Work request. What you return should match every record exactly, with the images removed.

** Data under study follows **

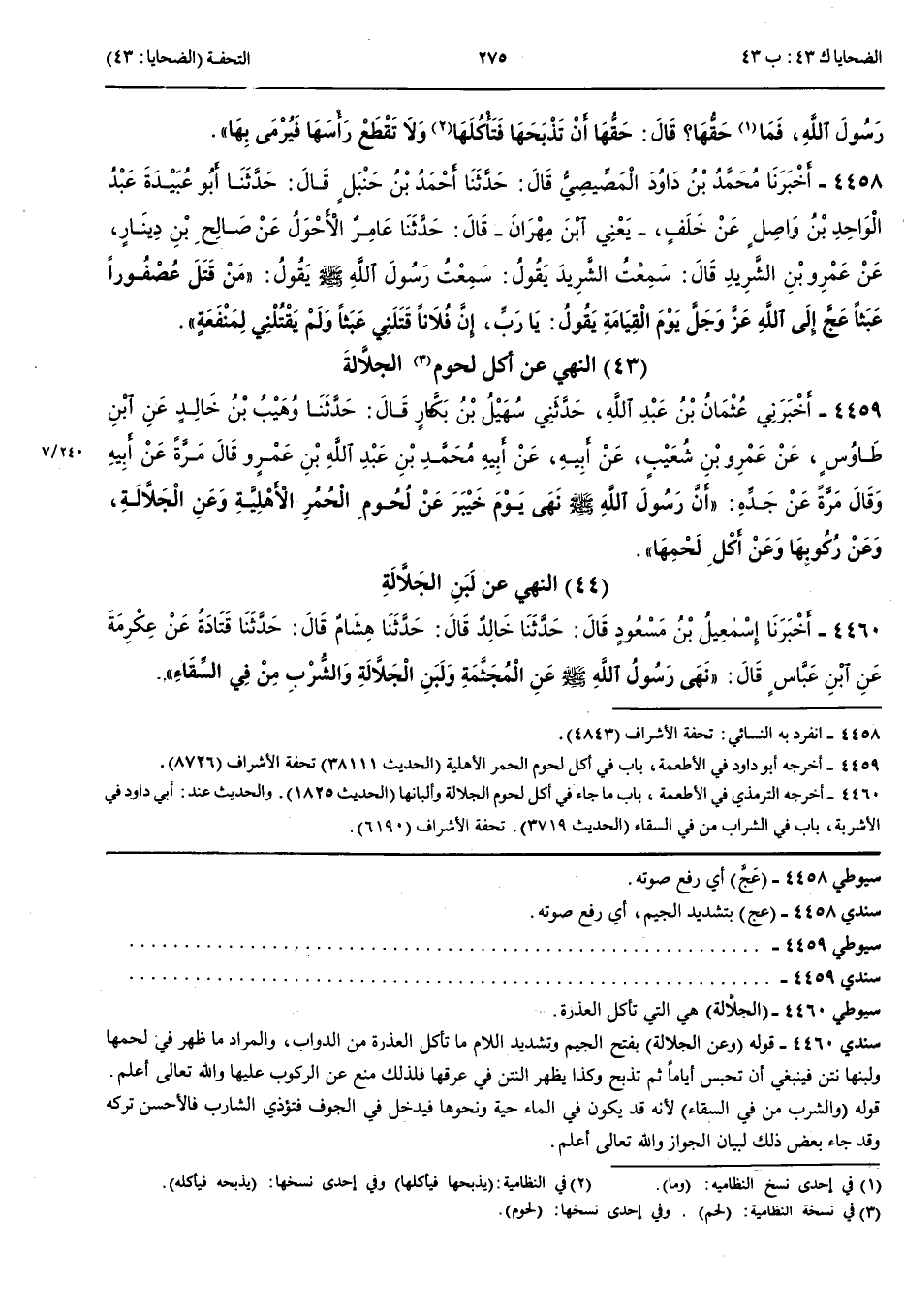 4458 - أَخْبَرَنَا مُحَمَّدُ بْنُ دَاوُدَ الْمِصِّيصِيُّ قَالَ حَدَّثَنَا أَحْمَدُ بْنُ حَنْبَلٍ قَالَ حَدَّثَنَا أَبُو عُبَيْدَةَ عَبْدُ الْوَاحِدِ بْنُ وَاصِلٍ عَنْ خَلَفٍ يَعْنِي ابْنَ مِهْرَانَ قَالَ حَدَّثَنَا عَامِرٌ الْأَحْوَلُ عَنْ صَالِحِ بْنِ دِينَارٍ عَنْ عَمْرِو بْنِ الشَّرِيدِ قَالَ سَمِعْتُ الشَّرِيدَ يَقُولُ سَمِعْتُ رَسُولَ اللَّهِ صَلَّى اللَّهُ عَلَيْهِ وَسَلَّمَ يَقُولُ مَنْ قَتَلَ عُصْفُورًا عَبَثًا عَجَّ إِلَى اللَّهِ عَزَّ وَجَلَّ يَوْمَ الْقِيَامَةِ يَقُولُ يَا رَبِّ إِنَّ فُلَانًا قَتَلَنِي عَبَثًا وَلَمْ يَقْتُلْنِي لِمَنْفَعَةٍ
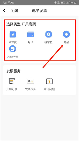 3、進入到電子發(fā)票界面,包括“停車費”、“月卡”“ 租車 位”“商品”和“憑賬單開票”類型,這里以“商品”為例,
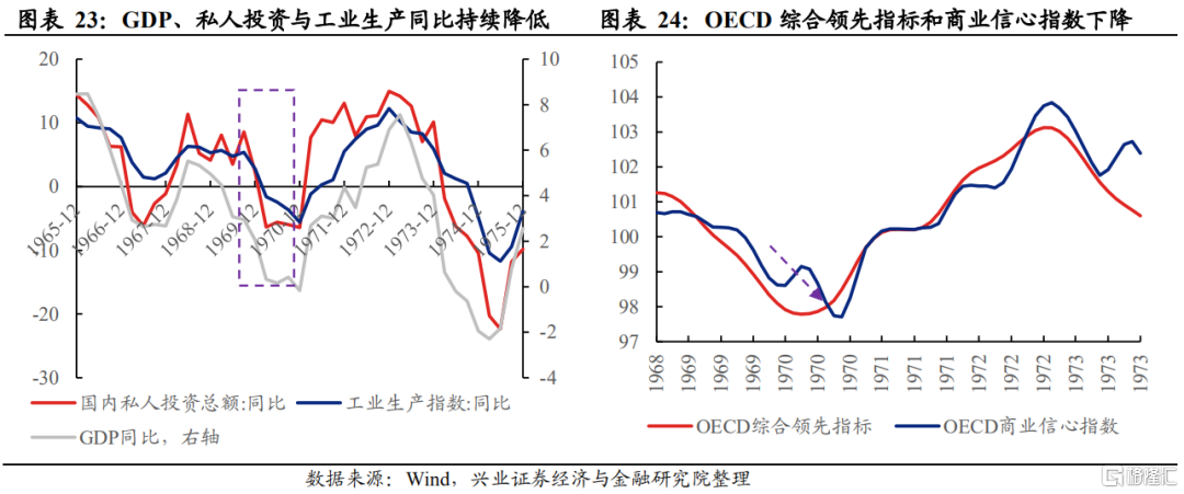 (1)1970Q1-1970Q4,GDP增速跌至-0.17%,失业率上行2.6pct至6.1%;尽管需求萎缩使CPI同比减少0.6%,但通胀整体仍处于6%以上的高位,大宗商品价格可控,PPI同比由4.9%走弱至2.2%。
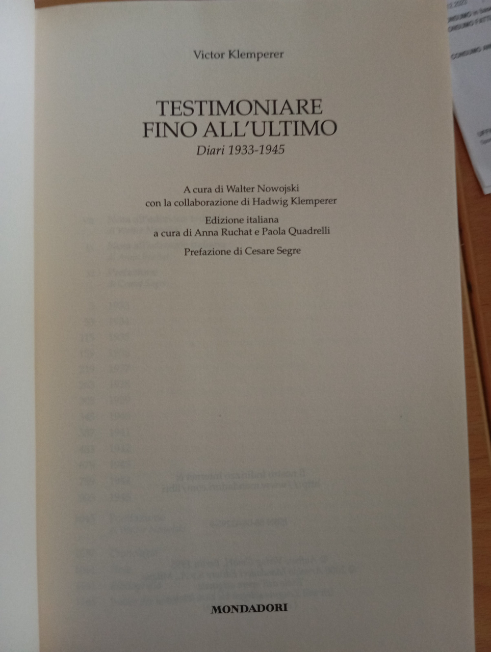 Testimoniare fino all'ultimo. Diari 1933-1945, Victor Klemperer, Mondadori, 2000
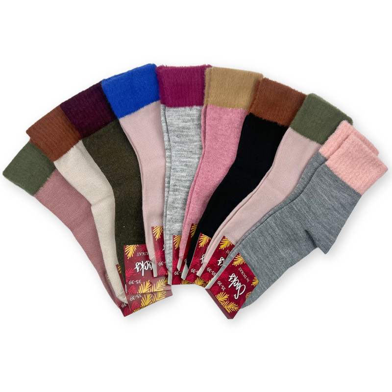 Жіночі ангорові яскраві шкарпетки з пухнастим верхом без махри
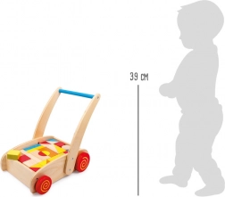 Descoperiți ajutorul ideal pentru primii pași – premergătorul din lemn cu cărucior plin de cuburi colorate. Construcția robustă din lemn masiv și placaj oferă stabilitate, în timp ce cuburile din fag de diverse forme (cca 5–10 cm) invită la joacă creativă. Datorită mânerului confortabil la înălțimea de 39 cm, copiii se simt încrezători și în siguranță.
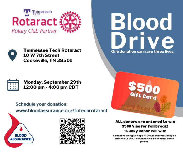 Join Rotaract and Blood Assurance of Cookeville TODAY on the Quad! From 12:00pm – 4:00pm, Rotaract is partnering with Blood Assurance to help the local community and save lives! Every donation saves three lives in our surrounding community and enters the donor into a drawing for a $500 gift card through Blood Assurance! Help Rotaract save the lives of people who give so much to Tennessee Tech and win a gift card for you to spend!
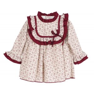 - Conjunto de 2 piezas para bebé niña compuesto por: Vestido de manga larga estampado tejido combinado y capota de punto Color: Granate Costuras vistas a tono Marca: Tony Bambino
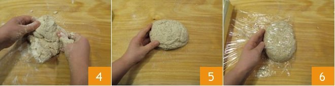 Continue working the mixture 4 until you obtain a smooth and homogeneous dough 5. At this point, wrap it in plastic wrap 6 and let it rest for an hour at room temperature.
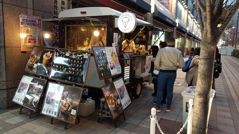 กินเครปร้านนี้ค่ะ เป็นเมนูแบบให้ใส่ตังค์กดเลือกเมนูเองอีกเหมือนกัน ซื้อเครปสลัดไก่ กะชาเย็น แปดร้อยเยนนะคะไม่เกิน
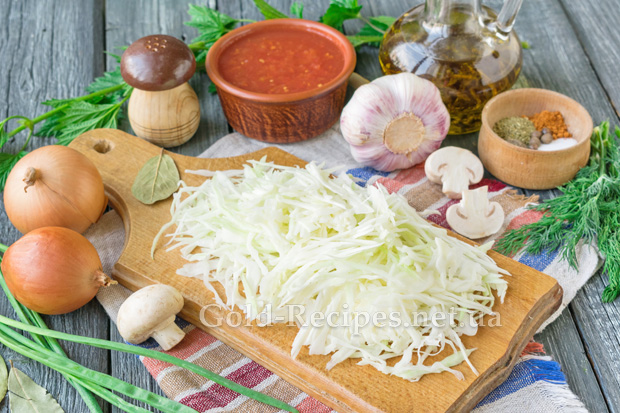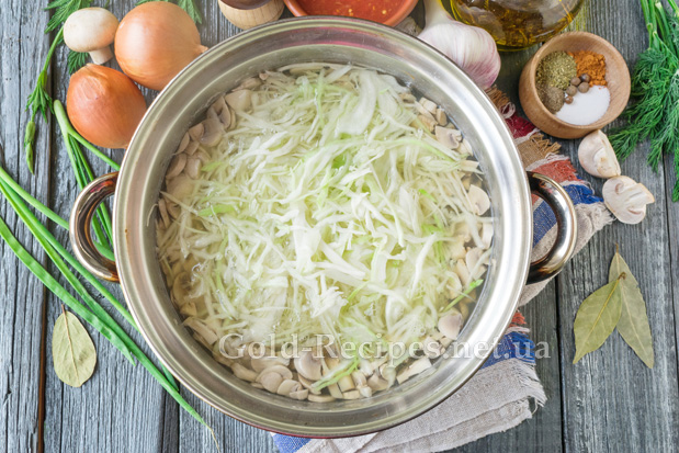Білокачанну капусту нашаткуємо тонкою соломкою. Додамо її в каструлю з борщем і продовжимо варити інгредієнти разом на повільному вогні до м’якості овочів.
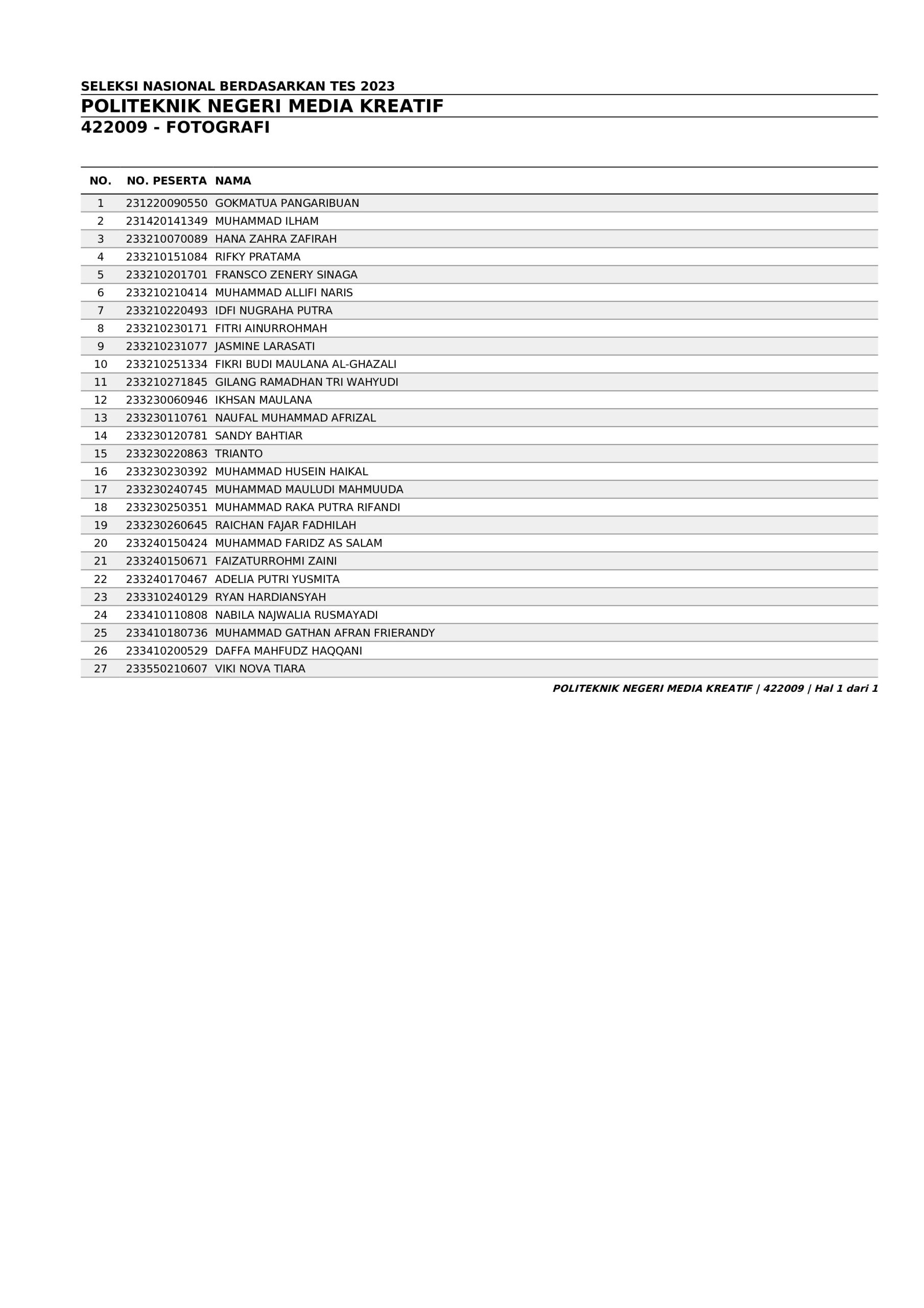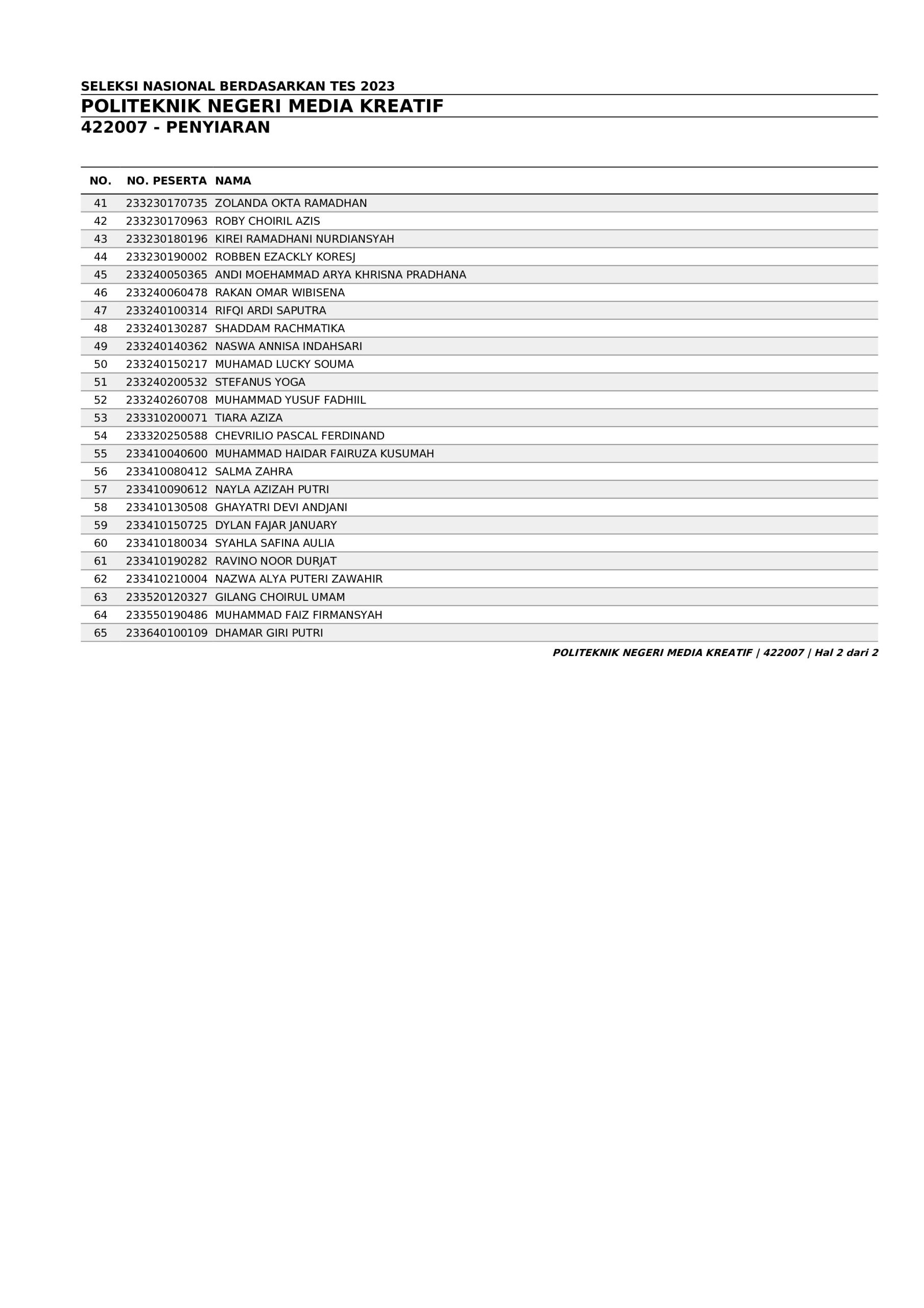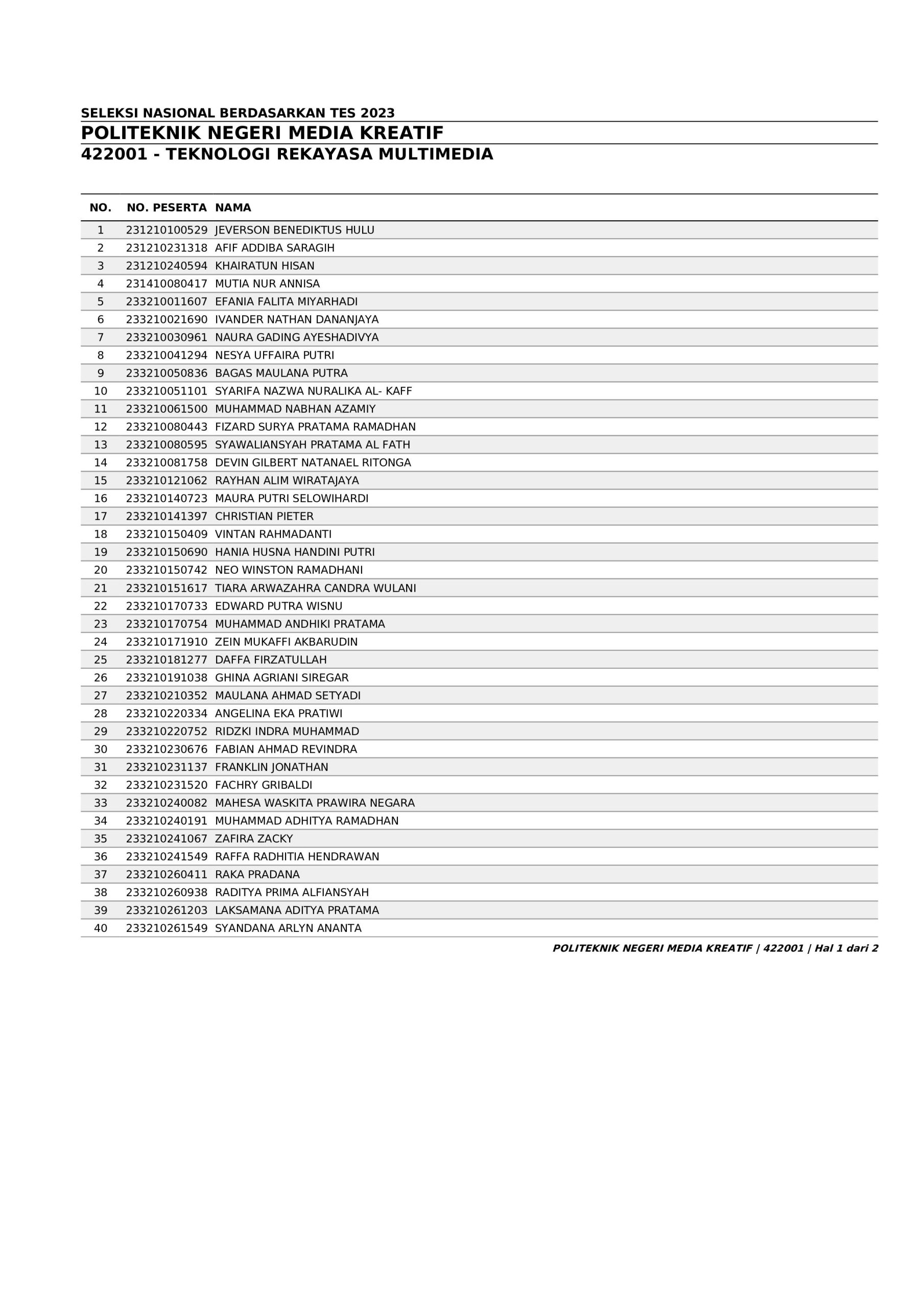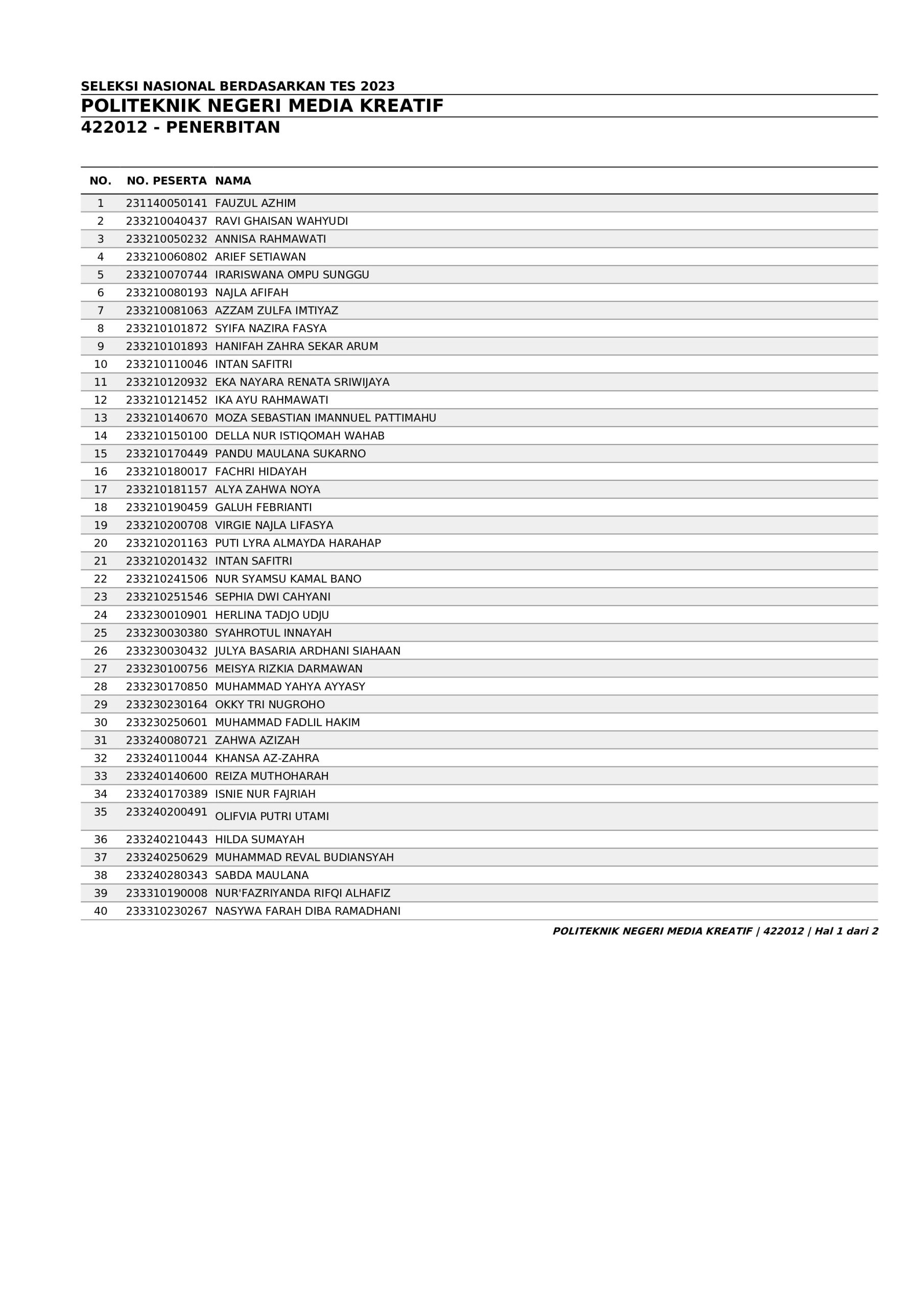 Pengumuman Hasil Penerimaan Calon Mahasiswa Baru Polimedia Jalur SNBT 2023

** End of Data under study **

Response area.
 4458 - أَخْبَرَنَا مُحَمَّدُ بْنُ دَاوُدَ الْمِصِّيصِيُّ قَالَ حَدَّثَنَا أَحْمَدُ بْنُ حَنْبَلٍ قَالَ حَدَّثَنَا أَبُو عُبَيْدَةَ عَبْدُ الْوَاحِدِ بْنُ وَاصِلٍ عَنْ خَلَفٍ يَعْنِي ابْنَ مِهْرَانَ قَالَ حَدَّثَنَا عَامِرٌ الْأَحْوَلُ عَنْ صَالِحِ بْنِ دِينَارٍ عَنْ عَمْرِو بْنِ الشَّرِيدِ قَالَ سَمِعْتُ الشَّرِيدَ يَقُولُ سَمِعْتُ رَسُولَ اللَّهِ صَلَّى اللَّهُ عَلَيْهِ وَسَلَّمَ يَقُولُ مَنْ قَتَلَ عُصْفُورًا عَبَثًا عَجَّ إِلَى اللَّهِ عَزَّ وَجَلَّ يَوْمَ الْقِيَامَةِ يَقُولُ يَا رَبِّ إِنَّ فُلَانًا قَتَلَنِي عَبَثًا وَلَمْ يَقْتُلْنِي لِمَنْفَعَةٍ
 3、進入到電子發(fā)票界面,包括“停車費”、“月卡”“ 租車 位”“商品”和“憑賬單開票”類型,這里以“商品”為例,
 (1)1970Q1-1970Q4,GDP增速跌至-0.17%,失业率上行2.6pct至6.1%;尽管需求萎缩使CPI同比减少0.6%,但通胀整体仍处于6%以上的高位,大宗商品价格可控,PPI同比由4.9%走弱至2.2%。
 Testimoniare fino all'ultimo. Diari 1933-1945, Victor Klemperer, Mondadori, 2000
 Жіночі ангорові яскраві шкарпетки з пухнастим верхом без махри
 Descoperiți ajutorul ideal pentru primii pași – premergătorul din lemn cu cărucior plin de cuburi colorate. Construcția robustă din lemn masiv și placaj oferă stabilitate, în timp ce cuburile din fag de diverse forme (cca 5–10 cm) invită la joacă creativă. Datorită mânerului confortabil la înălțimea de 39 cm, copiii se simt încrezători și în siguranță.
 Join Rotaract and Blood Assurance of Cookeville TODAY on the Quad! From 12:00pm – 4:00pm, Rotaract is partnering with Blood Assurance to help the local community and save lives! Every donation saves three lives in our surrounding community and enters the donor into a drawing for a $500 gift card through Blood Assurance! Help Rotaract save the lives of people who give so much to Tennessee Tech and win a gift card for you to spend!
 - Conjunto de 2 piezas para bebé niña compuesto por: Vestido de manga larga estampado tejido combinado y capota de punto Color: Granate Costuras vistas a tono Marca: Tony Bambino
 Continue working the mixture 4 until you obtain a smooth and homogeneous dough 5. At this point, wrap it in plastic wrap 6 and let it rest for an hour at room temperature.
 กินเครปร้านนี้ค่ะ เป็นเมนูแบบให้ใส่ตังค์กดเลือกเมนูเองอีกเหมือนกัน ซื้อเครปสลัดไก่ กะชาเย็น แปดร้อยเยนนะคะไม่เกิน
Білокачанну капусту нашаткуємо тонкою соломкою. Додамо її в каструлю з борщем і продовжимо варити інгредієнти разом на повільному вогні до м’якості овочів.
 Pengumuman Hasil Penerimaan Calon Mahasiswa Baru Polimedia Jalur SNBT 2023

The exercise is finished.